Being adopted by Clint Barton was a little like being beaten to death with a throw pillow.
“Go with it,” the Widow had said, “he’s missing Kate.”
Bucky had no idea who Kate was - although he knew, by now, that she was ‘perfect’ and 'smart’ and 'the actual Hawkeye’ - but he was questioning her judgement wherever she was. He wasn’t sure why someone would leave this.
Sleeping on Clint’s couch brought with it first dibs on the newspaper in the morning. Brought coffee, black as sin, in a star-covered mug that had showed up in Clint’s cupboard without a word. Brought a dog, heavy and happy and musty-smelling, weighing down his feet or his lap as he sat in the evenings, always obedient to where Clint told it to go.

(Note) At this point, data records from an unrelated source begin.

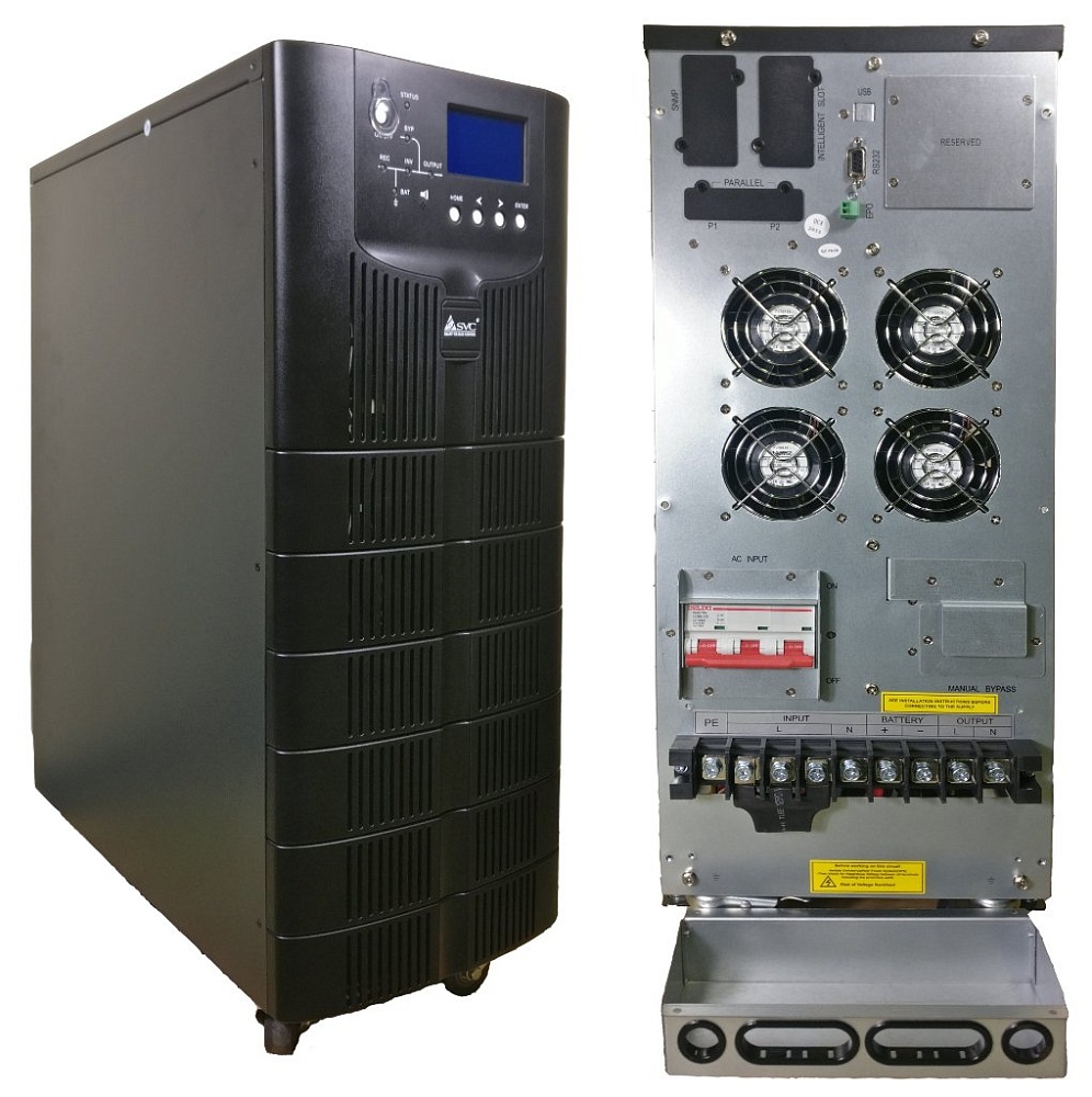 Источник бесперебойного питания On-Line, чистая синусоида; P-нагр.20кВА/18кВт, U-вх.220В, AVR:176...288В, U-вых.220/230/240В±1%, Внешние АКБ/Блоки(не входят в комплект), U-шина 192В, I-зар.5А; выходные разъемы Клеммная колодка, LCD-дисплей, SNMP-слот, RS-232. Напольный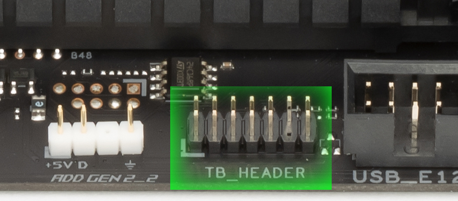 Материнская плата поддерживает платы расширения Thunderbolt 3, для подключения которых имеется отдельный разъем.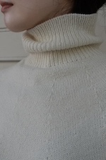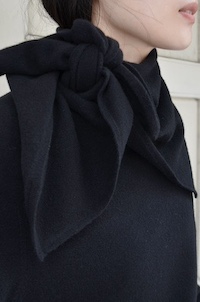 high neck:ぱっと見た印象以上に細い糸を用いていることで、実施に袖を通すとその軽やかさにびっくりするハイネックセーター。カシミアウールによる着心地の柔らかさもたまりません。¥187,000(HIROMI TSUYOSHI)
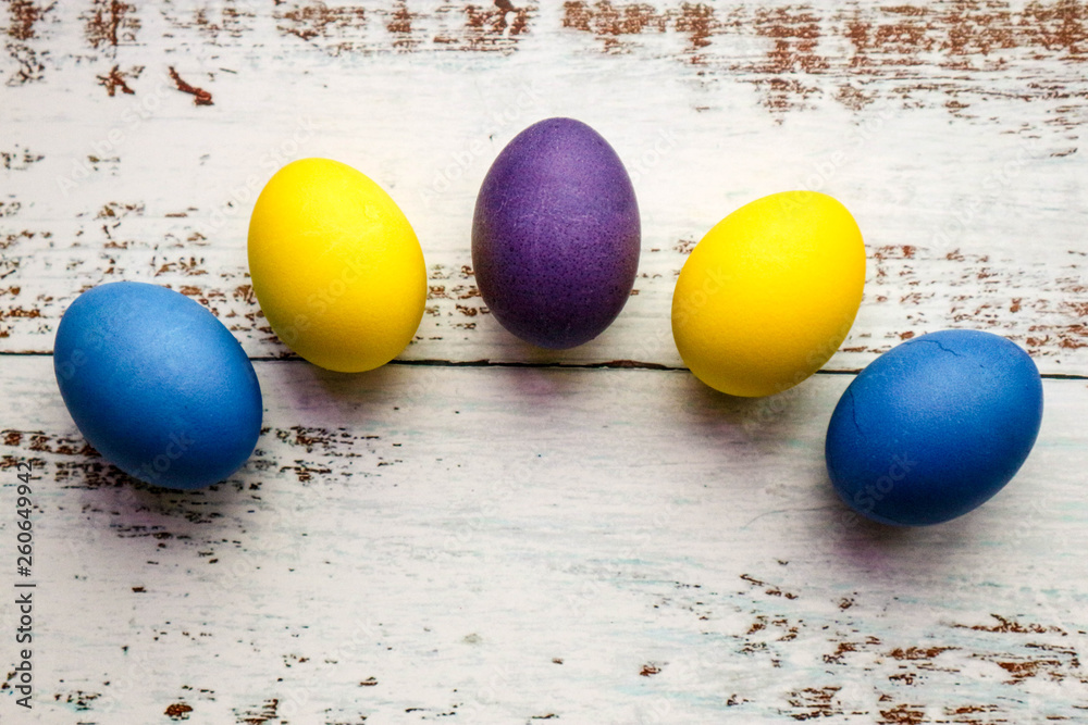 Row of five colorful easter eggs on wooden background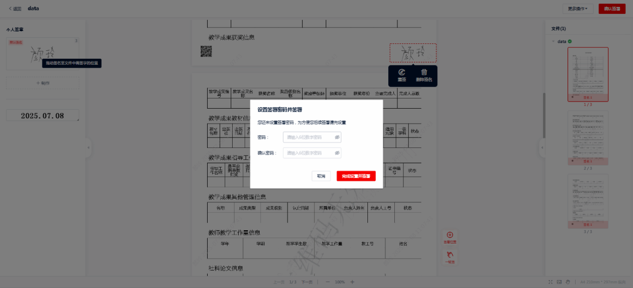 输入签署专用密码,或者手机验证码进行签署确认。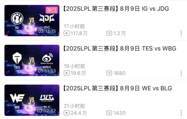 >iG才是顶流!昨日三场LPL比赛,iGvsJDG的播放量是前两场总播放量的两倍多!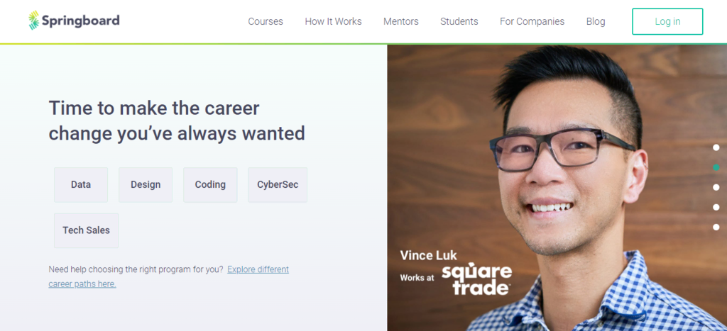 Although its courses are paid, it has a free coding camp people can sign up for by creating a Skillcrush account. Those wanting to learn specific skills can enroll in specialization courses. The prices of the courses vary, and they all come with a 14-day money-back guarantee. The Break Into Tech program is available for those wanting to switch to a tech job.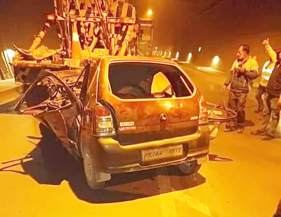 The ill-fated vehicle bearing registration number JK14A-9978 was on its way to Ramban from Udhampur when the driver lost control over the vehicle and it collided with gate number 16 inside Chenani-Nashri tunnel along Jammu-Srinagar National Highway late last night, resulting into on the spot death of two persons and serious injuries to another.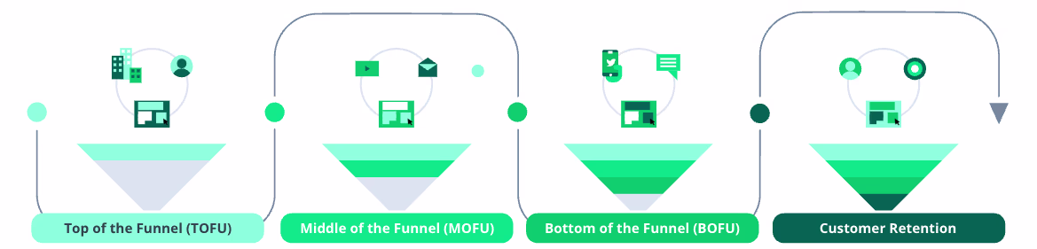 • Top of Funnel: Build brand awareness with display ads and short-form content (think infographics, blog posts).

“Hey Katie-Kate,” Clint told his phone, a little grin wrinkling the band aid on his cheek, “you are beautiful and perfect as ever and I love you,” and then he listened as Kate talked like the grin was his resting expression. Bucky tried not to let his look linger too long, but eventually he had to go take Lucky for a walk, just for the sake of plausible denial.
Clint brought him pierogi and beer and a pretty freakin’ stone he’d found when he took Lucky for walks. He bought some kinda kids’ de-tangling shampoo and left it conspicuously in the shower. Clint lifted Bucky’s feet when he was sprawled out watching a movie on the couch, manoeuvred himself carefully under, put them on his lap, then started to idly massaging them as things exploded on screen.
he’s missing Kate Bucky told himself, determined, but the compliments were seriously the last straw.
“Such a nice young man,” Mrs Lei said, cornering Clint when he had the front door half open, “he helped me up with my groceries, so considerate!”
Bucky didn’t move from the couch; she’d already talked his ear off once today, and now he knew the names of all her grandchildren.
“Oh yeah,” Clint said, “Bucky’s basically perfection in human form,” all casual.
“And so handsome!” Mrs Lei added, and Clint laughed.
“Hot like the surface of the sun,” he agreed, tone matter of fact like it was the truth. “He should be in a gallery someplace.”
“You hold onto this one,” she told him, and when Clint walked through the door his cheeks were still pink.
“I’m not Kate,” Bucky said, and Clint whirled around and grabbed at his chest like a startled maiden aunt, which in other circumstances would be hilarious.
“This is true,” Clint said, once he’d recovered. “You’re Bucky. You remember, we’ve been over this.”
Bucky pushed himself to his feet, paced away from Clint and back towards him, one hand pushed into his hair.
“I’m not your girlfriend, Clint,” he ground out. “You can’t say things like - ”
Clint’s face was screwed up into an expression of blended disgust and horror.
“Kate is a shining perfect girl child who could kick my ass six ways to Sunday and also legitimately be my daughter,” Clint said. “Why the hell would I be dating her?”
“But -” Bucky said. “Natasha said you were missing her, that that was why you were being so nice to -”
Clint turned to start unpacking his groceries, tossing a bag of spinach - which he hated - towards the refrigerator.
“You,” Clint said after a second, “could also kick my ass six ways to Sunday. Plus the whole hot as hell, stubbed perfection, heart of gold thing. Why the hell would you be dating me?”
Bucky took the packet of noodles out of Clint’s hand and tossed them onto the counter behind him. Stepping in close and watching the blue of Clint’s eyes darken was the best kind of ego trip.
“Pretty much because you’re beautiful and perfect,” Bucky said, thoughtful, and ducked in to press his mouth to Clint’s while his eyes were still startled and wide.